Whoa...  I could actually only get through a couple minutes of it because it was so... unexpected. Perhaps if you'd share how you came up with it (does standard motivic development apply to this?, etc.), it might help.


----------



## violadude

Kopachris said:


> Whoa...  I could actually only get through a couple minutes of it because it was so... unexpected. Perhaps if you'd share how you came up with it (does standard motivic development apply to this?, etc.), it might help.

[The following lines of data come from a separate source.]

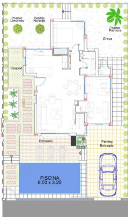
C/ Isla de Vedranell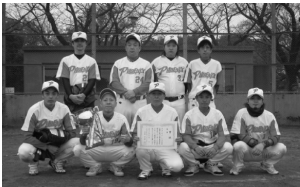
優勝したフェニックスの皆さん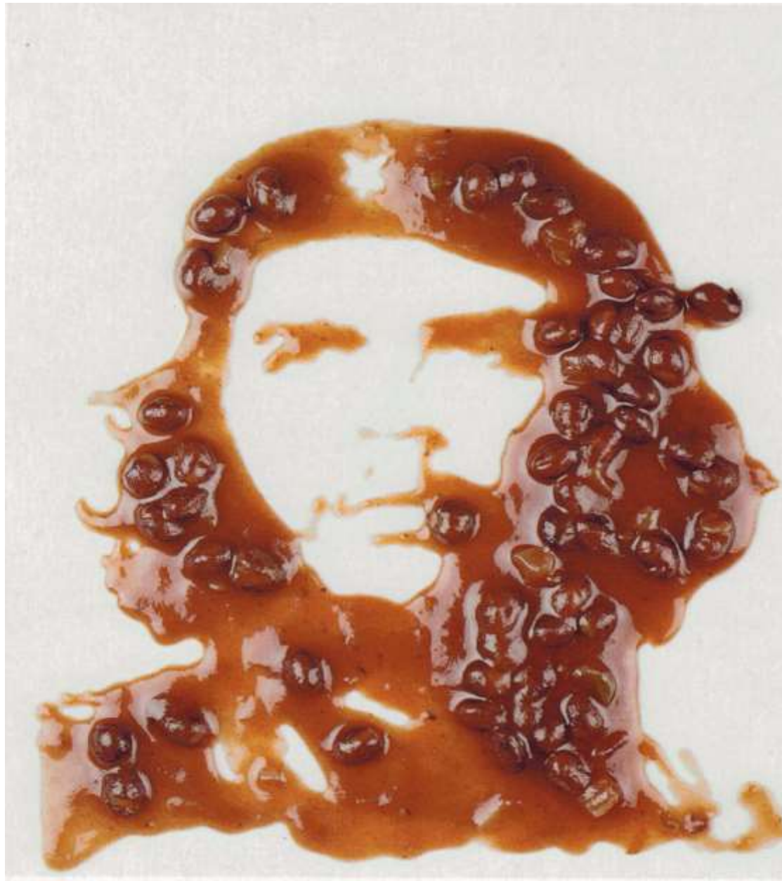
Vik Muniz Che (Black Bean Soup), 2000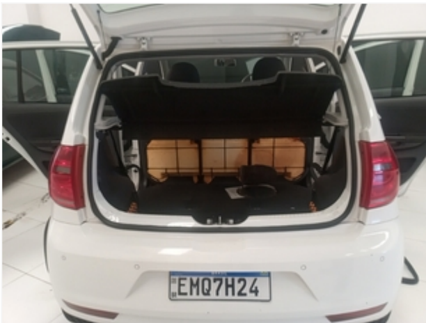
Porta Malas SEM REPAROS/AVARIAS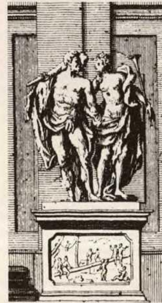
Abb. 7a Pomeranzenhaus des Prinzen Eugen, rechter Brückenpfeiler mit Herkules und Clio nach Salomon Kleiner

Den Brunnen an seinem ursprünglichen Platz – er wurde nach 1945 vom Pfirsichgarten teilweise an das Gebäude im Kammergarten zurückversetzt – überliefert uns vollständig nur Salomon Kleiner. Als dreigeschossiger Schalenbrunnen präsentiert er sich mit seiner Ausstattung als Lebensbrunnen. Zwei Schalen erheben sich über einem größeren, geschweiften Bassin. Im Bassin selbst steht ein

I wouldn't say standard motivic development applies to this. But there are motifs in the sense that certain sounds go away and then come back and are used throughout the piece. All of the sounds are just sounds that I made from objects just lying around the house or with my voice or mouth. I recorded them and slowed them down and added reverb and echo effects. Thats it. The sounds include:

Running water, tapping with a pencil, snapping, tongue clicking, piano playing, tapping with a bus card, singing on the syllable "ooo", gasping noises, pounding on a table, running the teeth of a comb against the computer and gargling. Thats it. It is pretty much just supposed to evoke a mood or atmosphere


----------



## aleazk

violadude said:


> I wouldn't say standard motivic development applies to this. But there are motifs in the sense that certain sounds go away and then come back and are used throughout the piece. All of the sounds are just sounds that I made from objects just lying around the house or with my voice or mouth. I recorded them and slowed them down and added reverb and echo effects. Thats it. The sounds include:
> 
> Running water, tapping with a pencil, snapping, tongue clicking, piano playing, tapping with a bus card, singing on the syllable "ooo", gasping noises, pounding on a table, running the teeth of a comb against the computer and gargling. Thats it. *It is pretty much just supposed to evoke a mood or atmosphere*


I have the same opinion, sometimes a melody is not the right thing to express some moods that i have. Rather the opposite, I prefer to use some special harmonies, dissonances, changes in the dynamics, etc. Of course I have some melodies, but there is not a full "development" of them, in the traditional sense.


----------



## violadude

aleazk said:


> I have the same opinion, sometimes a melody is not the right thing to express some moods that i have. Rather the opposite, I prefer to use some special harmonies, dissonances, changes in the dynamics, etc. Of course I have some melodies, but there is not a full "development" of them, in the traditional sense.


Hey, impressionism man...


----------



## aleazk

violadude said:


> Hey, impressionism man...


indeed, in my last piece I accepted my impressionist soul and simply I flew :lol:


----------



## violadude

aleazk said:


> indeed, in my last piece I accepted my impressionist soul and simply I flew :lol:


Was that the Japanese one?


----------



## aleazk

violadude said:


> Was that the Japanese one?


yeah, the piece emerged like a kind of improvisation after seeing those pictures of Japanese gardens


----------



## Aramis

One could say that it sounds like gargling, groans and zerg's sounds from StarCraft mixed with rather random electronic soundscape but it is, in fact, treasure of modern lyricism - it's amorous count singing serenade under his beloved's window, it's ancient warrior's cry of glory, it's music flowing from long-forgotten realms of shady phantoms.


----------



## violadude

aleazk said:


> yeah, the piece emerged like a kind of improvisation after seeing those pictures of Japanese gardens


Sweet, I love Japanese sounding stuff, and I really liked that piece.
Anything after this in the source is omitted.